Neck Pain and Headaches: Why Your Headaches Might Actually Be A Spine Problem

Written by Connor Sheeks, PT, DPT  ·  Published May 2026  ·  Last reviewed May 2026

Reading time: approximately 9 minutes




If you've had recurring headaches for months or years — headaches that start at the base of your skull, travel over one side of your head, and seem to be connected to your neck — there's a real chance they've been misdiagnosed.

Cervicogenic headache is a type of headache that originates from the cervical spine — the joints, muscles, and nerves of the neck — and refers pain into the head. It accounts for an estimated 15–20% of all chronic recurring headaches. And because its symptoms can overlap significantly with tension headache and migraine, it is frequently missed, undertreated, or treated with approaches that don't address the source.

The clinical implication is significant: if your headaches are cervicogenic in origin, no amount of migraine medication or tension headache management will produce lasting relief. The neck needs to be treated. And that's exactly what physical therapy — specifically, manual therapy and targeted exercise for the cervical spine — is designed to do.

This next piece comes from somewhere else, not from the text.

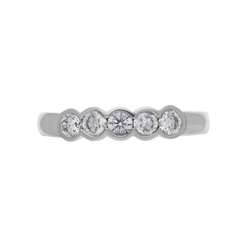 An embodiment of elegance of luxury, this stunning platinum ring features five sparkling brilliant cut diamonds, totalling 0.50cts, which are bezel set into the band. Designed perfectly for everyday wear, this diamond set piece would make the perfect wedding or eternity ring to sit comfortably alongside other bands.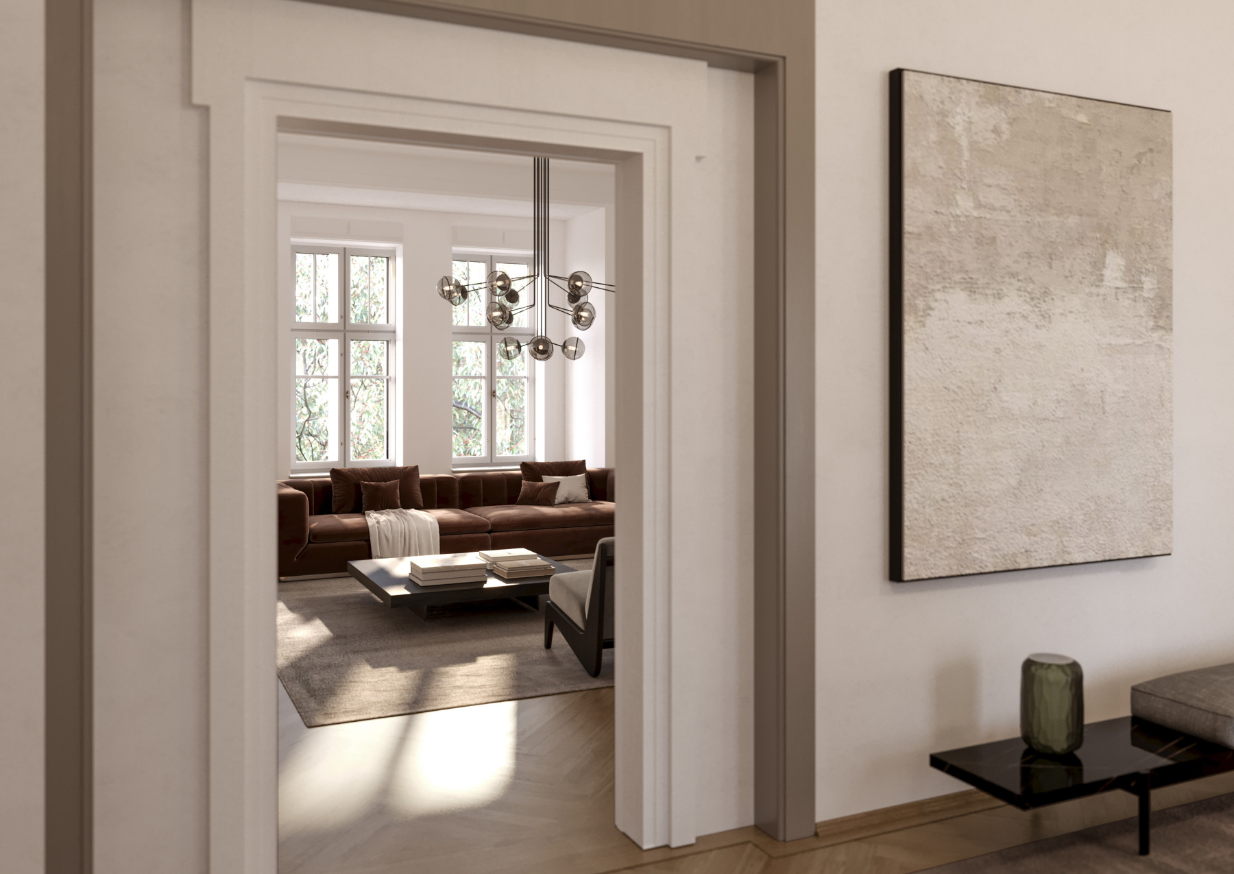 Schon beim Eintreten entfaltet sich eine Atmosphäre aus Ruhe, Geborgenheit und vollendeter Exklusivität. Die Wohnungen der Siegfriedstraße 8 sind mehr als ein Ort zum Wohnen – sie sind Ausdruck eines Lebensstils, der das Besondere im Subtilen sucht.

This article explains what cervicogenic headache is, how to distinguish it from other headache types, what the cervical spine has to do with it, and what treatment actually works.




What you'll learn in this article

• What cervicogenic headache is and where it comes from anatomically

• How to distinguish it from tension headache and migraine

• The cervical spine structures most commonly involved

• Why it's frequently misdiagnosed and undertreated

• What physical therapy does for cervicogenic headache — and what the evidence shows

• What a realistic treatment plan and recovery timeline looks like

• When headaches require urgent medical evaluation




What Cervicogenic Headache Is

Cervicogenic headache (CGH) is a headache that originates from a source in the cervical spine — typically the upper cervical joints (C1–C3), surrounding musculature, or the suboccipital region — and refers pain into the head through shared neural pathways.

The anatomical basis for this is well established. The upper cervical nerve roots (C1, C2, C3) converge with the trigeminal nerve — the primary sensory nerve of the face and head — in a region of the brainstem called the trigeminal cervical nucleus. This convergence means that pain signals originating in the neck can be perceived as headache pain in the forehead, temples, eye, or top of the head.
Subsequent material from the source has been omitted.